During the Thatcher era a pretence was made of increasing private home ownership using the slogan ‘a property owning democracy’. The Thatcher government initiated a policy of selling off council housing to the tenants, forgetting or failing to invest the proceeds of sale with the councils so they could replace the sold off dwellings. This generated a significant shortage of new homes for sale or rent, in the market place, where those in possession of homes saw significant capital appreciation. And the market place saw a significant increase in rented homes, which may have been the Thatcher policy all along.

Politically its much easier to deal with renters in insecure dwellings, than with independent but bolshy freehold owners. In principle, the idea of a property owning democracy is a valid one. It gives the owner a degree of security and a stake in the currently unavoidable capitalist system. But it will only work if all homes, rented as well as freehold, have the same basic legal security of tenure.

Renting is much commoner on the continent of Europe but home ownership is growing in popularity. Renters on the continent, if they don’t have a basic right to security of tenure, have stronger legal protection against arbitrary eviction than in the UK.

Ownership and eviction

Security of tenure is the key to the successful restructuring of the actual housing market. This applies to the freehold ownership market as well. Neither corporations nor individuals should possess the right of eviction, for arbitrary or unexplained reasons, against people who own or rent.

With all dwellings protected by law, and with the well established legal principle of equality of arms applied to all transactions affecting a dwelling, the burden of proof must fall on the party seeking eviction, with dwellers, renters and freeholds given access to legal aid to balance the alleged rights of ‘owners’ This can be done using insurance but the appalling imbalance between owners and renters needs to be reversed. Rented property needs to be subject to registration, with offshore ownership prohibited. And subject to regular inspection against a set of standards without which a licence to rent should not be issued, at all.

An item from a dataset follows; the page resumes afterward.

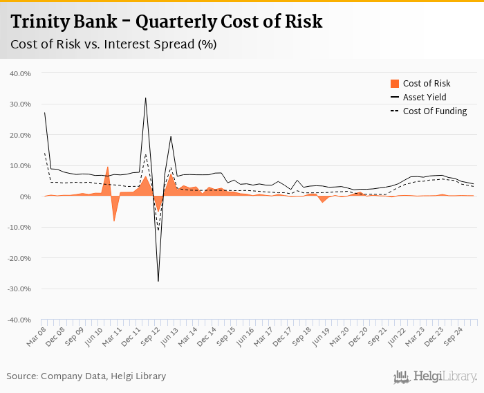 Trinity Bank's Cost of Risk (loan loss provisions as % of total assets) amounted to 0.026% in the first quarter of 2025, down from 0.041% when compared to the previous quarter.

The issue of ownership of land in the UK is the actual determinant according to which the housing stock, for sale or rent, reaches the market. The UK remains subject to huge and unregistered landed estates, mostly in rural areas. But its from the periphery of those estates that building land mostly emerges. Many of those estates are owned offshore, to avoid tax. The land registry needs total reform, so that the actual ownership of all landed estates and land, is, by law, located in the UK. And a legally responsible agent appointed.

There is no ancient right that says that ‘flogging off’ bits of land via a company in Switzerland or the Caribbean, should enable the owner, usually resident in the UK, to avoid capital gains tax, in the UK. Properly imposed capital gains tax makes land development tax simply another way of making extracting taxes from the super-rich, too complex to happen. Apart from the fact that most of the land that might have had a development land tax imposed on it is long gone into bricks and mortar already.

The United Kingdom, alongside most of Europe, is possessed of so-called ‘human rights laws’, none of which, however, include a right to secure tenure of a dwelling. To do so might inconvenience the bandits of unreformed capitalism, loose in our midst.

The European version, a gift from the UK, is called the European Convention of Human Rights. Both the UK and European human rights statutes contain a right to privacy which is now, despite all the vast and catastrophically expensive bureaucracy involved, extinct. This has happened in two ways, one of them pertinent to the need for a right to security of tenure as a basic right. Initially the UK Parliament transferred, via legislation, the agency for privacy, from the individual holder, to a part of the bureaucracy, the Information Commissioners Office.

That peculiar institution then arranged to hide itself behind over 900 pages of ‘regulatory balderdash’ relating to privacy. Far away in Strasburg, the European Court of Human Rights says that to bring a rights case to the court you must exhaust the issue in your local courts. Doing that in the UK, with professional legal support will set you back between £100,000 and £500,000, or more.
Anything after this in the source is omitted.